_Exercise description_
Set down the entries once more, exactly as they are written.

_Available data_
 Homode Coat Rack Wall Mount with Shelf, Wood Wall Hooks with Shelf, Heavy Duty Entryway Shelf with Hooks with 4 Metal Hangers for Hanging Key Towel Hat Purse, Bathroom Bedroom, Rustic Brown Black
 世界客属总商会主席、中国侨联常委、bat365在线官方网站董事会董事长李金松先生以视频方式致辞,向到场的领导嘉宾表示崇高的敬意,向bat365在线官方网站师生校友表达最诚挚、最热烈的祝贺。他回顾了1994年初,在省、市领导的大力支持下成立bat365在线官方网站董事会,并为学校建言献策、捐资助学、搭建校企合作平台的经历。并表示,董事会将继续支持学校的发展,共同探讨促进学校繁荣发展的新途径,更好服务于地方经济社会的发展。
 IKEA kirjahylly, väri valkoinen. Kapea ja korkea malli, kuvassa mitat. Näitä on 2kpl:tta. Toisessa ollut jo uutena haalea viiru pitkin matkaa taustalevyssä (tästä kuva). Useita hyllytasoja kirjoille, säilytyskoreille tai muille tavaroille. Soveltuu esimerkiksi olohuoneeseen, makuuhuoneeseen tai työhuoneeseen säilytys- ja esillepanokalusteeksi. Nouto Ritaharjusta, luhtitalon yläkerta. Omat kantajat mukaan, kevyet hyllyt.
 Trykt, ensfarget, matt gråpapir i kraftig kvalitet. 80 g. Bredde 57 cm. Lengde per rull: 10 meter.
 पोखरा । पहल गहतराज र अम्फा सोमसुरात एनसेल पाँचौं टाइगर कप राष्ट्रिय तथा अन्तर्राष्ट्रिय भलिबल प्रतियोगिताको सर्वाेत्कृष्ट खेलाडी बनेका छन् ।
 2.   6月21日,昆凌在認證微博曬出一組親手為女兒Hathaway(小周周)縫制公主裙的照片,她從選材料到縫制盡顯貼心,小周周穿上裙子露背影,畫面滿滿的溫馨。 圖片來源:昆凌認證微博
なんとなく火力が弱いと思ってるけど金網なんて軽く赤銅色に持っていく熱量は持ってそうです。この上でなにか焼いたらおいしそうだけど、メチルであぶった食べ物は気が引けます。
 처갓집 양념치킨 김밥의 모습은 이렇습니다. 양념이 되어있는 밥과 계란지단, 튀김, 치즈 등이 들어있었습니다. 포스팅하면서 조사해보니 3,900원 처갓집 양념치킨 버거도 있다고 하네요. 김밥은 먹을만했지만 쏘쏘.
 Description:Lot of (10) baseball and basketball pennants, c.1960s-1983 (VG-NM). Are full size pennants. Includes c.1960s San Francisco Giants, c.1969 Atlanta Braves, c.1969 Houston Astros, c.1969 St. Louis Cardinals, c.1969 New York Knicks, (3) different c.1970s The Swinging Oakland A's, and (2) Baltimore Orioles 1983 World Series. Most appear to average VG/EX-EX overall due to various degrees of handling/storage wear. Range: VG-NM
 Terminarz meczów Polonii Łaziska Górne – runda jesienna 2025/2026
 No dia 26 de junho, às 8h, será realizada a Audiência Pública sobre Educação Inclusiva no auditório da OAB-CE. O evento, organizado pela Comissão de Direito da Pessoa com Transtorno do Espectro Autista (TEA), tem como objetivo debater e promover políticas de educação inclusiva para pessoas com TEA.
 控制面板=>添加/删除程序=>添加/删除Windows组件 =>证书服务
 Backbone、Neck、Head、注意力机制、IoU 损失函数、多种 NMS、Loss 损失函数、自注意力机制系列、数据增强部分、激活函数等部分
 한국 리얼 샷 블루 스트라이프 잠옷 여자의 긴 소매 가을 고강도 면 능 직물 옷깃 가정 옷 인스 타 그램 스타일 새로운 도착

_Output for this exercise_
 Homode Coat Rack Wall Mount with Shelf, Wood Wall Hooks with Shelf, Heavy Duty Entryway Shelf with Hooks with 4 Metal Hangers for Hanging Key Towel Hat Purse, Bathroom Bedroom, Rustic Brown Black
 世界客属总商会主席、中国侨联常委、bat365在线官方网站董事会董事长李金松先生以视频方式致辞,向到场的领导嘉宾表示崇高的敬意,向bat365在线官方网站师生校友表达最诚挚、最热烈的祝贺。他回顾了1994年初,在省、市领导的大力支持下成立bat365在线官方网站董事会,并为学校建言献策、捐资助学、搭建校企合作平台的经历。并表示,董事会将继续支持学校的发展,共同探讨促进学校繁荣发展的新途径,更好服务于地方经济社会的发展。
 IKEA kirjahylly, väri valkoinen. Kapea ja korkea malli, kuvassa mitat. Näitä on 2kpl:tta. Toisessa ollut jo uutena haalea viiru pitkin matkaa taustalevyssä (tästä kuva). Useita hyllytasoja kirjoille, säilytyskoreille tai muille tavaroille. Soveltuu esimerkiksi olohuoneeseen, makuuhuoneeseen tai työhuoneeseen säilytys- ja esillepanokalusteeksi. Nouto Ritaharjusta, luhtitalon yläkerta. Omat kantajat mukaan, kevyet hyllyt.
 Trykt, ensfarget, matt gråpapir i kraftig kvalitet. 80 g. Bredde 57 cm. Lengde per rull: 10 meter.
 पोखरा । पहल गहतराज र अम्फा सोमसुरात एनसेल पाँचौं टाइगर कप राष्ट्रिय तथा अन्तर्राष्ट्रिय भलिबल प्रतियोगिताको सर्वाेत्कृष्ट खेलाडी बनेका छन् ।
 2.   6月21日,昆凌在認證微博曬出一組親手為女兒Hathaway(小周周)縫制公主裙的照片,她從選材料到縫制盡顯貼心,小周周穿上裙子露背影,畫面滿滿的溫馨。 圖片來源:昆凌認證微博
なんとなく火力が弱いと思ってるけど金網なんて軽く赤銅色に持っていく熱量は持ってそうです。この上でなにか焼いたらおいしそうだけど、メチルであぶった食べ物は気が引けます。
 처갓집 양념치킨 김밥의 모습은 이렇습니다. 양념이 되어있는 밥과 계란지단, 튀김, 치즈 등이 들어있었습니다. 포스팅하면서 조사해보니 3,900원 처갓집 양념치킨 버거도 있다고 하네요. 김밥은 먹을만했지만 쏘쏘.
 Description:Lot of (10) baseball and basketball pennants, c.1960s-1983 (VG-NM). Are full size pennants. Includes c.1960s San Francisco Giants, c.1969 Atlanta Braves, c.1969 Houston Astros, c.1969 St. Louis Cardinals, c.1969 New York Knicks, (3) different c.1970s The Swinging Oakland A's, and (2) Baltimore Orioles 1983 World Series. Most appear to average VG/EX-EX overall due to various degrees of handling/storage wear. Range: VG-NM
 Terminarz meczów Polonii Łaziska Górne – runda jesienna 2025/2026
 No dia 26 de junho, às 8h, será realizada a Audiência Pública sobre Educação Inclusiva no auditório da OAB-CE. O evento, organizado pela Comissão de Direito da Pessoa com Transtorno do Espectro Autista (TEA), tem como objetivo debater e promover políticas de educação inclusiva para pessoas com TEA.
 控制面板=>添加/删除程序=>添加/删除Windows组件 =>证书服务
 Backbone、Neck、Head、注意力机制、IoU 损失函数、多种 NMS、Loss 损失函数、自注意力机制系列、数据增强部分、激活函数等部分
 한국 리얼 샷 블루 스트라이프 잠옷 여자의 긴 소매 가을 고강도 면 능 직물 옷깃 가정 옷 인스 타 그램 스타일 새로운 도착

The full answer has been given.